Untidy desks

You’re looking for a vital document, and you have less than eight minutes to find it

You know it’s on your desk; you saw it there only a few days ago. Except your desk is covered with piles of papers, unopened envelopes and bills, discarded printouts, not to mention yesterday’s coffee cups. You keep rifling through all the clutter, but it’s hopeless. With all that junk on your desk, you know you’ll never find what you are looking for.

Is your website’s code a little like your desk?

Just a second. What do I mean by your website’s code? You didn’t use code to create your site, you used a web editing program, or a site builder that came with your hosting, right?

Every website is built using code

It doesn’t matter what you built your site with, or who built it. If you used a site builder program or a website editor, all that program did was create the code for you based on what you told the program you wanted your site to look like. This code runs in the background, and tells your website visitor’s internet browser how to display the page.

So where is this code, and what does it look like?

To have a peek behind the scenes, just open your internet browser, go to the top menu, click View, then View Source. A window will open. That’s your website’s code.

Does it really matter if things are messy behind the scenes?

Surely it’s what the front-end looks like that’s important? When many website editors (often called WYSIWYG, or What You See Is What You Get) or online site builders create the code for you according to the way you lay the page out in the editor (which works a little like a word processing program), they usually generate messy and inefficient code, full of errors and repetitions.

The result is a page that takes much longer to load

A bloated page full of unnecessary code can double or triple the page size, or more. Google now takes into account page loading speed when ranking websites. This is only one factor of many that Google uses to evaluate your site, but with all other things being equal, a faster-loading page with fewer errors will rank higher in the search engines than a slower one with bloated code.

But, perhaps more importantly, bloated, junky code makes it difficult for the search engines to find and understand your content

Search engines regularly send out “spiders” – robots – out onto the internet to “crawl” through everything they find, then report back to the engine so all the information and content can be indexed and ranked. When the friendly neighbourhood spider comes knocking on your door, he will find a jumble of clutter instead of nicely organised content all laid out for him to inspect.
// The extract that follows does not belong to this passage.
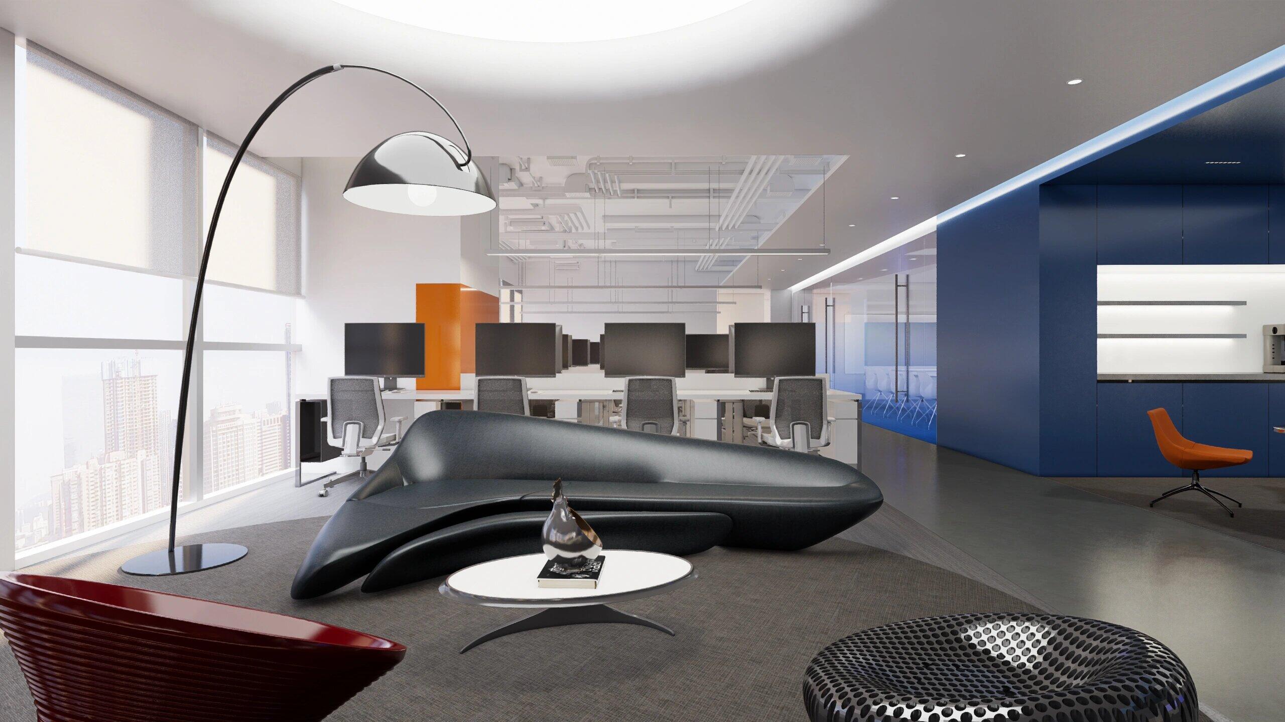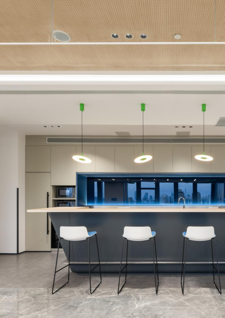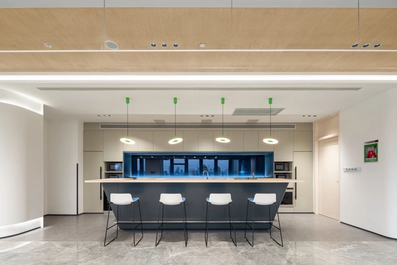 这里作为重要的中心枢纽,形成接待区、协作区和员工区三个空间的视线延伸。于此同时,蓝色玻璃打造的隐约隔断,既放大了空间感官体验,又营造了静谧灵动的空间氛围。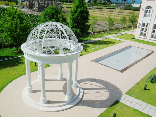 希格瑪花園城堡坐落在員山鄉,四處一片寬廣稻田,獨立一座城堡看起來

He’ll have to clamber over a load of junk to try to find the content hidden under all the mess and, just like your untidy desk, important things will be hidden and lost.
He may even give up looking and move on to the next site. Having a nice, clean, organised code running behind your page makes the Google spiders happy, because they can easily find and understand the content they are looking for.

So how can you tell if your code is a mess?

Messy code isn’t hard to spot. Take a look at these two examples:

Example 1

Example 2

When you look at your website’s source code, does it look ordered, with the content clearly visible and easy to pick out (example 2)? Or is it just a big jumble, with the same code repeated over and and over again (example 1)?

The secret to sparkling clean code

Forget WYSIWYG editors, online site builders and the rest. For the cleanest code, try running your site on Wordpress. It’s easy to update and edit, you don’t need to know how to write a single line of code, and the code it generates is so spare and clean you could eat your dinner off it (as long as you make sure to use a well-crafted theme like Thesis, you don’t copy/paste text from Word into the Wordpress editor, which will introduce lots of junk code, and don’t overload the site with too many widgets). Take the images above: Example 2 was built with Wordpress. Example 1 is a site built with an online “site builder” that came free with some hosting.

What if you don’t want rebuild your site from scratch?

Try cleaning up your existing code using a free online code validator. This tool will check your site for errors, and clean up the code for you.
If you want to learn more about what exactly causes bloated code, here is an excellent article on how to clean up after WYSIWYG editors.

Remember: the search engine spiders can’t see the monitor like you can

They can’t see how pretty your site looks or how cool your graphics are. They can only read the code behind the page, so remember to keep the back rooms spick and span so Google can find what it’s looking for when it comes to visit. Your desk can wait until tomorrow. :-)

Summary

  • Your website is built on code that lies behind the page and tells the browser what to display to visitors
  • Search engines need the code to be clean and tidy so they can find the content they are searching for and index your pages correctly
  • Bloated, messy code also makes your pages load more slowly, which also affects search engine rankings
  • WYSIWYG editors and site builders create reaaally messy, bloated code
  • Wordpress websites have spick and span code and are easy to update.